I continued to brace myself. Whatever I had to sacrifice, it sounded awful. "For the target to recover from the effects of accidental magic, he must voluntarily donate his memories, all of them." What? You mean . . . Oh, no. John closed the book and returned it to the shelf. "She'll know everything about you. All your secrets. All your lies. She'll know your life as well as her own. She'll never forget. She'll always remember what you know now. She'll also know about your feelings for her. Can you live with that?"

I fell to my knees, almost at the verge of tears. One look at my memories and what little hope of Gina ever loving me would vanish into nothingness. But I could not let her life end just because I can't have her. I know she will make someone very happy someday. I know because she already had. I nodded in acceptance.

John smiled puckishly. "That your final answer?" I nodded again and braced myself for the sad truth that after all this Gina might still never wake up and would have to spend the rest of her natural life consorting with dreams and nightmares.

"Good answer, bro." He placed his green-gray wand on the center of my forehead. "Now . . . solemie!" Like that, I fall head first into the deep slumber of a sleeping spell.

I woke up the next morning groggy but rested. Actually, I felt like I had overslept by a hundred years. My bones cracked as I balanced myself on my two legs. At that moment, the phone on my nightstand rang. Though I didn't recognize the first name, I recognized the last name: Queen. John's spell had worked.

I answered the phone. "Hello."

A panicked Regina Queen sounded through the receiver. "Peter." She paused to collect her thoughts. "We need to talk." She didn't even specify a time and place; she knew exactly where to find me. Sometime between 5 o'clock in the afternoon and 8 o'clock in the morning, John had moved me into my bedroom, the parents had returned home and John did the decent thing of not telling them that I had unwittingly plunged a girl into a mystical coma. That left only one obstacle to deal with.

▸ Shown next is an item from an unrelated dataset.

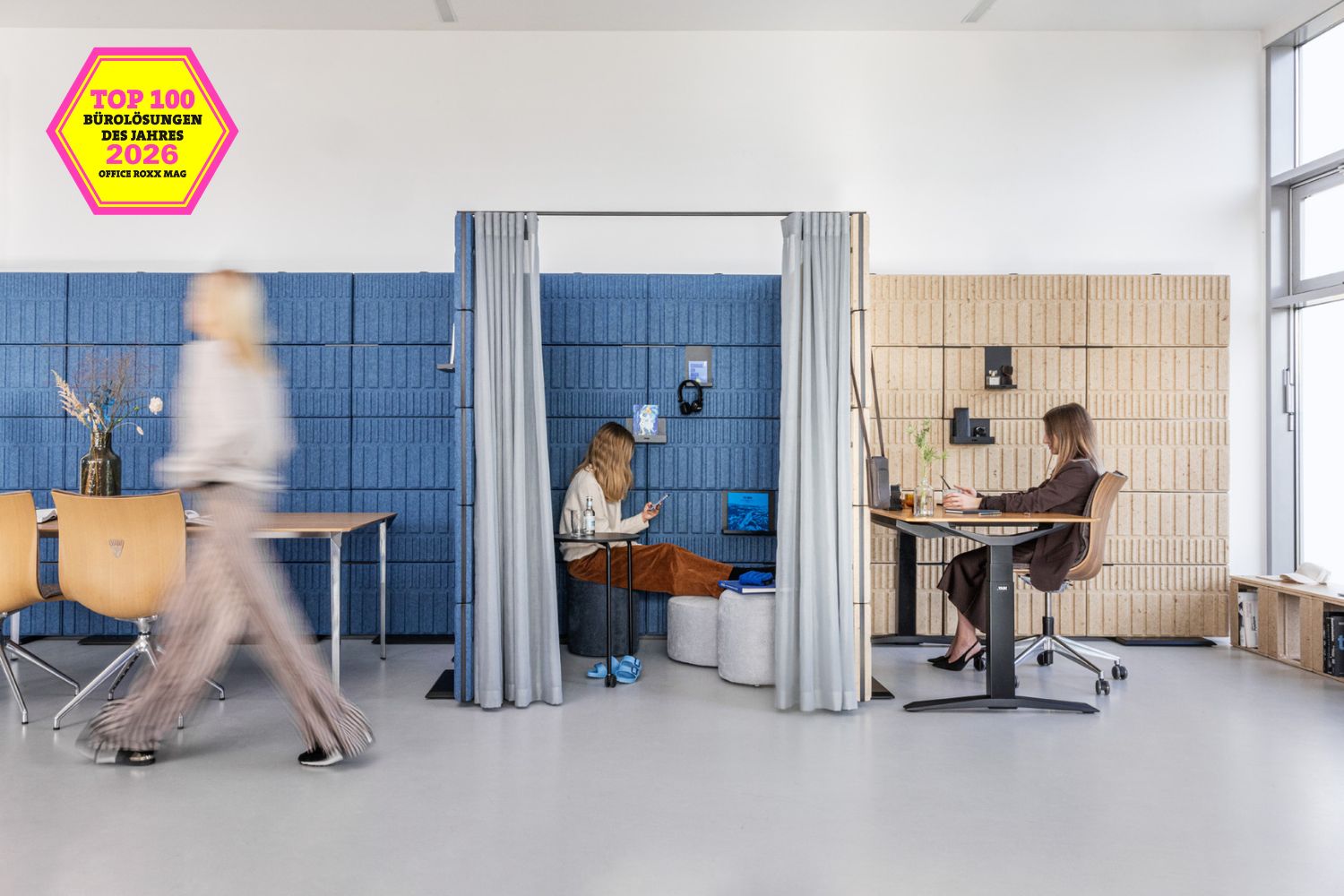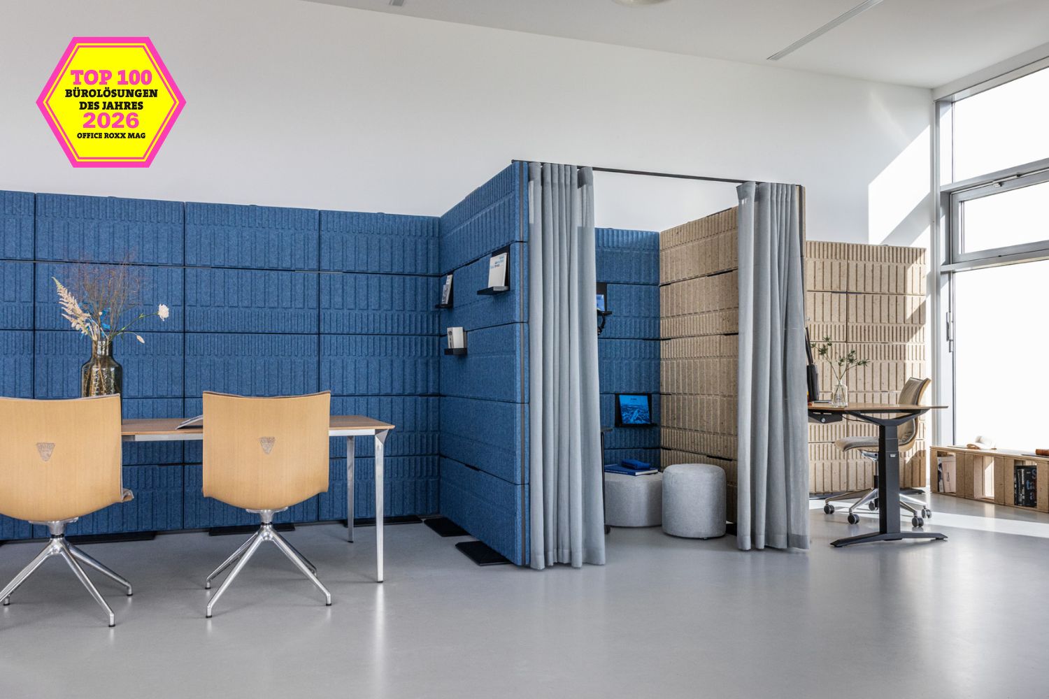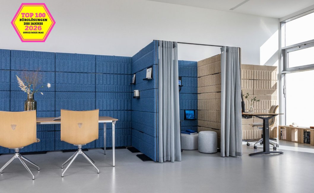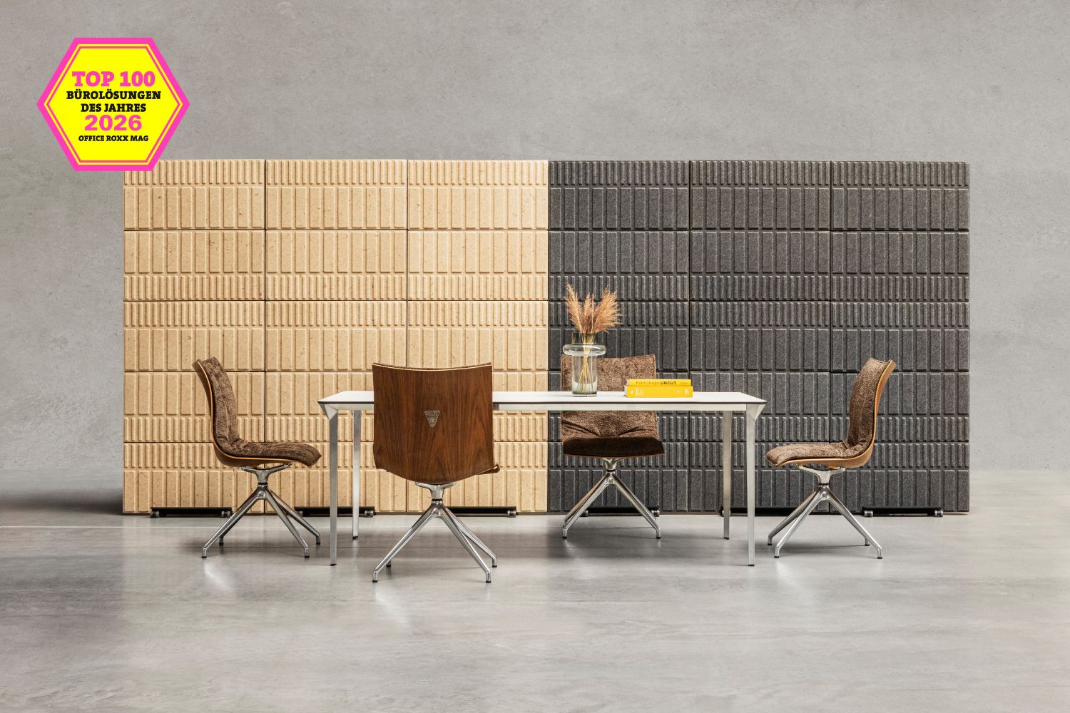 The editorial team recognised the system for combining functionality with sustainable design. Mobile walls divide open-plan space without construction work, and the panels are made from plant-based biocomposite or rPET from recycled PET bottles. This confirms that circular design is not a compromise between aesthetics and environmental responsibility, but simply good design.

The knots in my stomachs had knots in their stomachs. I could feel myself physical ill at the thought of meeting Gina today. I couldn't even think straight. I left home without my wand for the first time in five years.

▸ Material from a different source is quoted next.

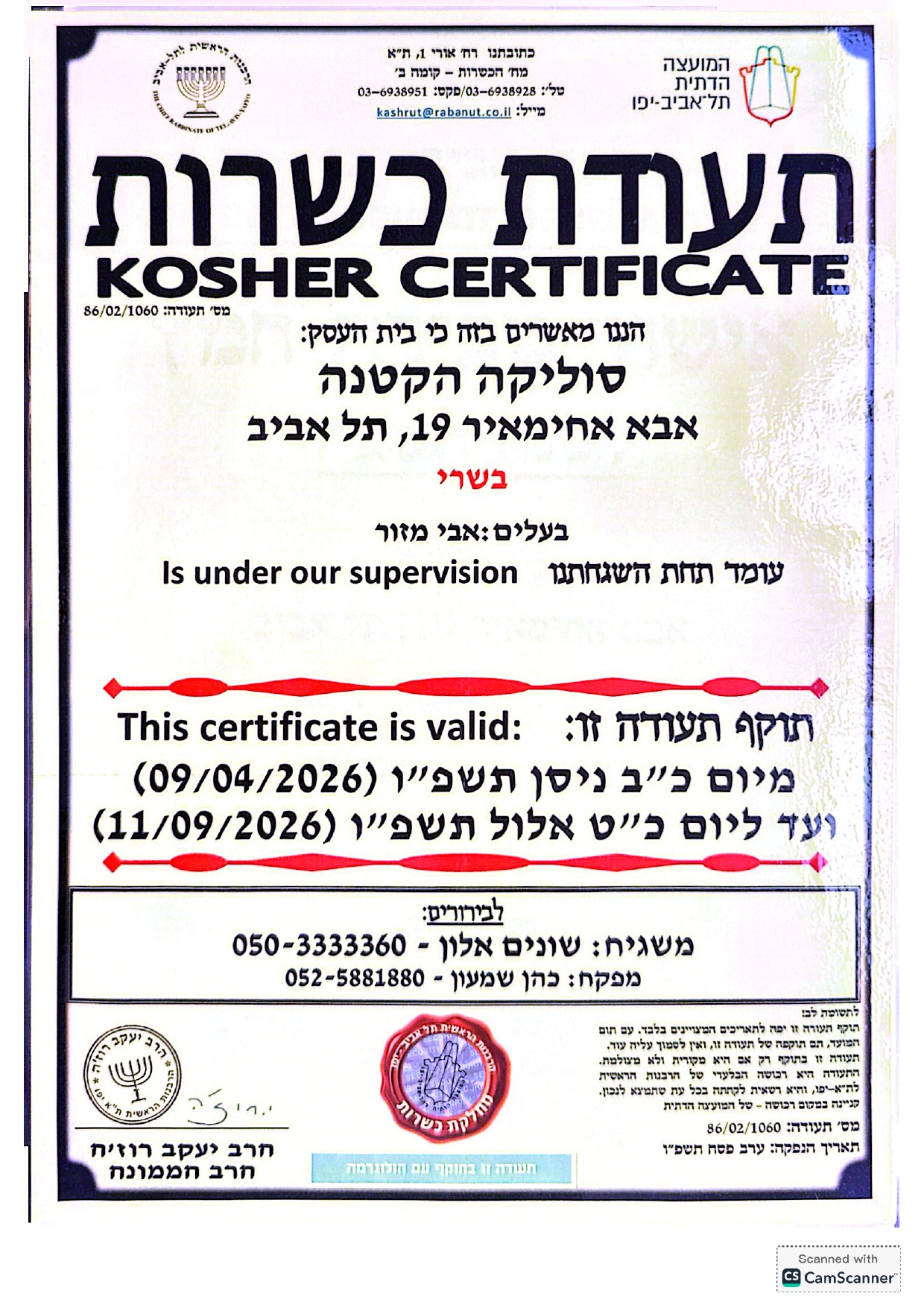 בכל בוקר מגיעים צוות המטבח והשף ביטון ומבשלים אוכל טרי ואיכותי מהמתכונים העתיקים של סבתא סוליקה תוך כדי שימוש במתודיקות בישול עדכניות ובציוד מטבח מהטובים בעולם.

And there she stood in front of my first hour, no longer wearing that cursed death trap around her wrist. I tried to stand at a length. I wish she would ignore me like she always did. But she wouldn't. She couldn't. And then she did something I did not expect. She hugged me. Not one of those friendly half-hugs I see all the time, but one of those passionate lover's embrace that came hazardously close to snapping my spine. She brushed away the hair in my eyes and took a moment to look at me. I heard my own heart throbbing in my throat, like I had swallowed it. I looked at her. I could've sworn the love spell bounced right off her. "It did," she said, as if reading my thoughts. "Unless you cast it five years ago."

I thought back to that moment five years ago when our eyes met. I had looked away in shame and went home and spent the rest of the night crying. I had hated myself for what I felt and I knew that someday those feelings would get me hurt in the worst possible way. All this time, I thought I had imagined all that.

"I really liked you a lot. But, now," she struggled to find the words. "I don't know what to think of you anymore. I really don't." I could already see the waterworks beginning to start in on Regina Queen. She turned and walked away, clutching her books for dear life, not sure if I would ever see her again, or if I'd want to.

Someday, if I ever have children and I catch them using gray magic, I wouldn't only threaten to turn them into rats and feed them to the neighbor's cat, I'd snap their wands in half and ground them for a year. My father never said anything about gray magic, but he should have.